人間から「性衝動」は切り離すことが難しい。誰もが強く意識しながらも見ないようにフタをした経験があるだろう。「高齢者の性衝動」を題材にした小説『春、死なん』は、主人公を取り巻く家族の話を現実感たっぷりに、ときに幻想的に描写している。70歳の男性を主人公にして小説を綴ったのは、26歳のセクシー女優・紗倉まな。なぜ、自分の祖父でもおかしくないような年齢の男性を主人公にしたのか。「母の性」を描いた『ははばなれ』との2作品の着想は、意外と身近な場所にあったという。身近なタブーがまとめられた小説集『春、死なん』では、彼女の独特な観察眼と濃密な表現を体感することができる。

――『春、死なん』のテーマは、これまで世間的にあまり顧みられてこなかった「老人の性」がテーマ。紗倉さんの年齢から考えると、主人公はご自身と遠い存在なのでは?

本業でもあるAVのDVDリリースイベントへいらっしゃる方は、若い方よりも高齢の方が比較的多いのですが、その方々と接していくうちに、人の性への欲求は年齢を重ねるとどう変化するのか興味が湧きました。さらに、東京五輪が近付いて成人雑誌の販売規制が行われたことで、これまでコンビニや書店で成人雑誌を買っていた高齢者の方々がどうやって性欲を処理するのか、というのも気になって…。書くきっかけは自分が属していた業界や仕事から得たものが大きかったです。

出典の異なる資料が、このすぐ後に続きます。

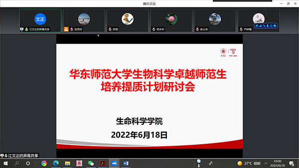 为切实提高我校师范生教学实践能力,进一步提升师范生培养质量,学校教务处于近期启动了“华东师范大学卓越师范生培养提质计划”的申报和遴选工作。该项目旨在通过“创课实验室”的形式,培养师范生课程设计与开发的能力,深化对教学理念的理解,坚定教育理想,涵养师德匠心。2022年6月18日,生命科学学院近四十名参与师范生课程教学的教师们利用周末时间在线上参加了“卓越师范生培养提质计划”的动员会并参与研讨。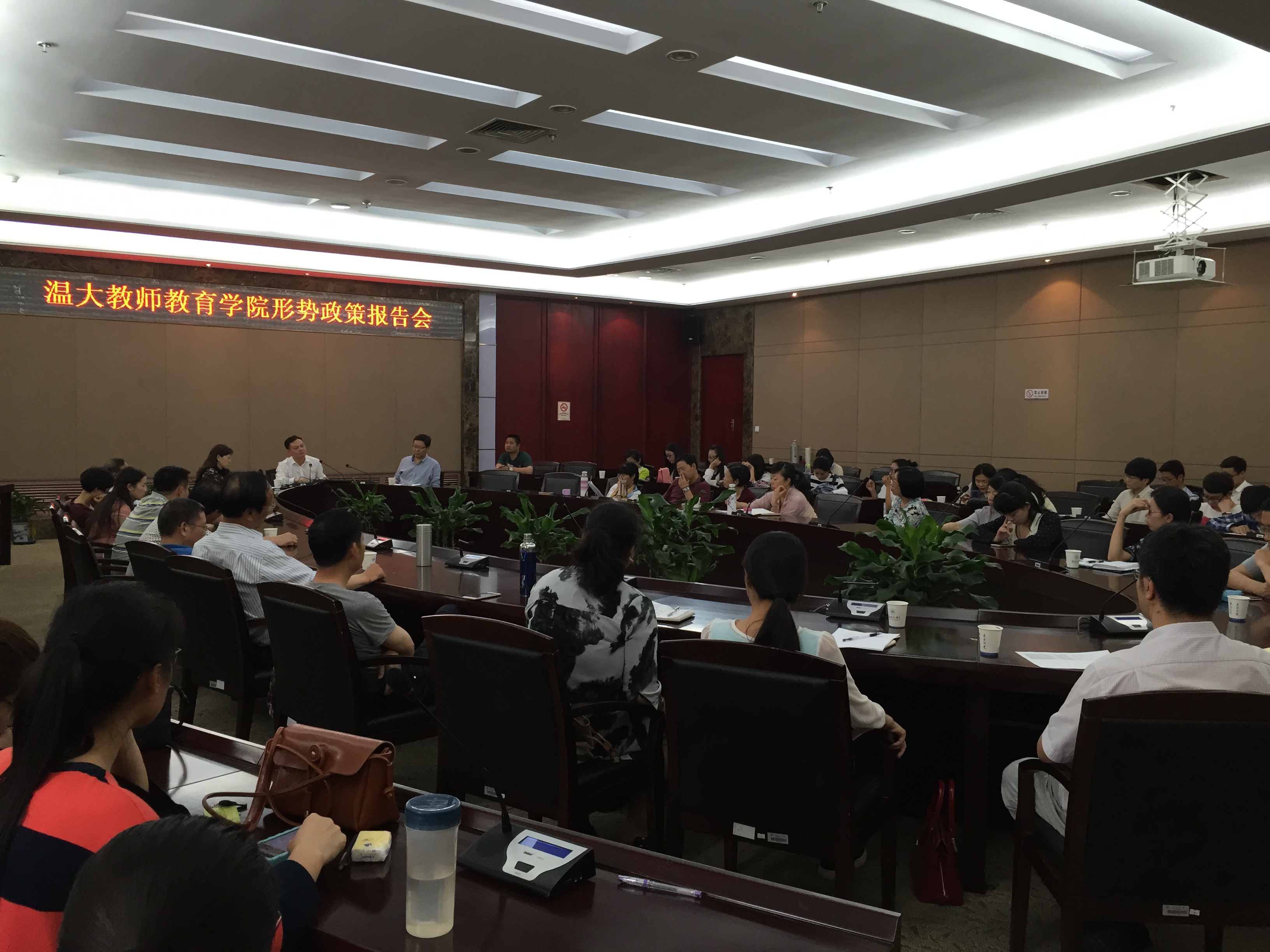为全面贯彻落实校党委“学党章党规、学系列讲话,做合格党员”学习教育动员会议精神,5月25日下午,学院党总支在南校区岩松堂白鹿厅召开“两学一做”学习教育动员会暨形势政策报告会,全体教师党员和研究生党员近60人参加会议。会议由学院院长兼党总支副书记郑信军同志主持。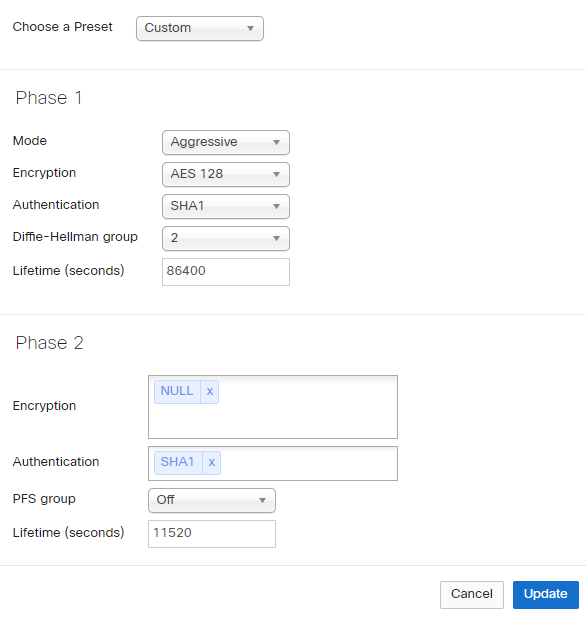 under non Meraki section enter the name for your zscaler node and the public ip of your zscaler node.zscaler tunnel.PNGnow the ipsec custom policies i have configured like below.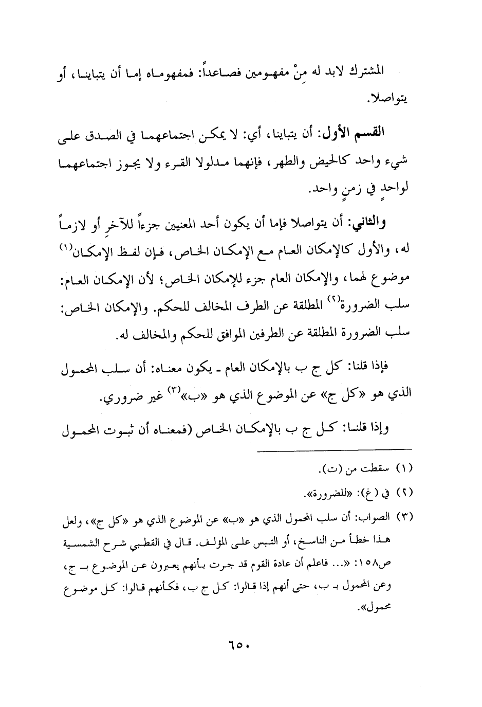 والثاني: أن يتواصلا فإما أن يكون أحد المعنيين جزءًا للآخرِ أو لازمًا له، والأول كالإمكان العام مع الإمكان الخاص، فإن لفظ الإمكان (¬١) موضوع لهما، والإمكان العام جزء للإمكان الخاص؛ لأن الإمكان العام: سلب الضرورة (¬٢) المطلقة عن الطرف المخالف للحكم. والإمكان الخاص: سلب الضرورة المطلقة عن الطرفين الموافق للحكم والمخالف له.

――ネットで動画を観たり、購入したりという習慣がない世代は、身近な雑誌に頼るしかない。主人公の富雄も、妻を亡くしてからは、もっぱら買った成人雑誌で性欲を処理していた。そんなときに、ある偶然から学生時代に一夜をともにした女性と再会し、関係が発展して行きますね。

性を分かち合える人とタイミングよく出会って、そういった関係になるって、少し奇跡的ですよね。若いころは向こう見ずだからこそ、衝動に任せて突発的に動けることもありますが、どうしても年を取るにつれ慎重になってしまうのかなぁと。人は経験を積むほど、“こういう段階を踏んだらどうせこういう展開になるだろう”と、決めつけて動きが鈍くなるものですが、昔の関係を思い返してアグレッシブになれるのは、物語だからこそ描けた“衝動”なのかもしれません。

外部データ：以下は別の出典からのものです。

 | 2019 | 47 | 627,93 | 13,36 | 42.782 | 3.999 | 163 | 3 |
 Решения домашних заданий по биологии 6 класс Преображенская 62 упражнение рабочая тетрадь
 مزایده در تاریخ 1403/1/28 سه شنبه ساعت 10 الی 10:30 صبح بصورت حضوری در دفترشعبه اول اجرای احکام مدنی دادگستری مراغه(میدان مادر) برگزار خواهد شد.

――主人公は行為中にもかかわらず、亡妻の顔がよぎってしまう。よく“過去に愛した人のことが忘れられない気持ちは男性のほうが強い”というが、紗倉さんは昔の恋愛を振り返るタイプ?

恋愛における男女差の例として、男性はファイルに名前をつけて保存をし、女性は上書き保存をすると言われているように、“あいつは俺を今も愛してくれているに違いない”と思っている男性はもしかしたら多いのかもしれません。主人公の富雄もまさにその一人。私は、昔付き合った人を時に思い出すことはありますが、いまだに自分のことを好きでいてくれているとは思いません。

紗倉まな 撮影:岡田康且

――主人公は息子の家族との二世帯住宅。物理的な距離は近いのに、心理的な距離感には隔たりがある。この対比も読みどころになっている。

私も昔、2階が我が家で1階が祖母の家という二世帯住宅に住んでいました。でも、あまり行き来をした記憶がなくて。特に何かがあったわけではないんですが、今振り変えると、形だけ一緒に住むことの違和感に触れたくなかったのかもしれません。そういった経験も、小説に影響していると思います。

――世間一般が考える嫁姑関係のように、主人公の妻と息子の嫁の関係は良好には見えない。「賢治」は自分の親と、結婚相手とをつなぐ“架け橋”、キーパーソンなのに、うまく機能できない。そのことに嫁姑どちらも憤っているように感じます。

“女性同士は、生まれながらに敵”なんてよく言われますよね。その一方で、女性同士って嫌だと感じる部分がすごく似ていて、一番の仲間にもなれると思うんです。作中では、「賢治」というひとりの男をめぐって「自分の本音に気づいてほしい」と願う母と、「自立した男性に変わってほしい」と願う妻が微妙な距離を保っています。どちらも「賢治」を愛しているライバルでありながら、彼の欠点に対しやるせない思いを募らせる同志でもある。嫁である里香は、本当は姑である喜美代にもっと歩み寄りたかったんじゃないかと思っています。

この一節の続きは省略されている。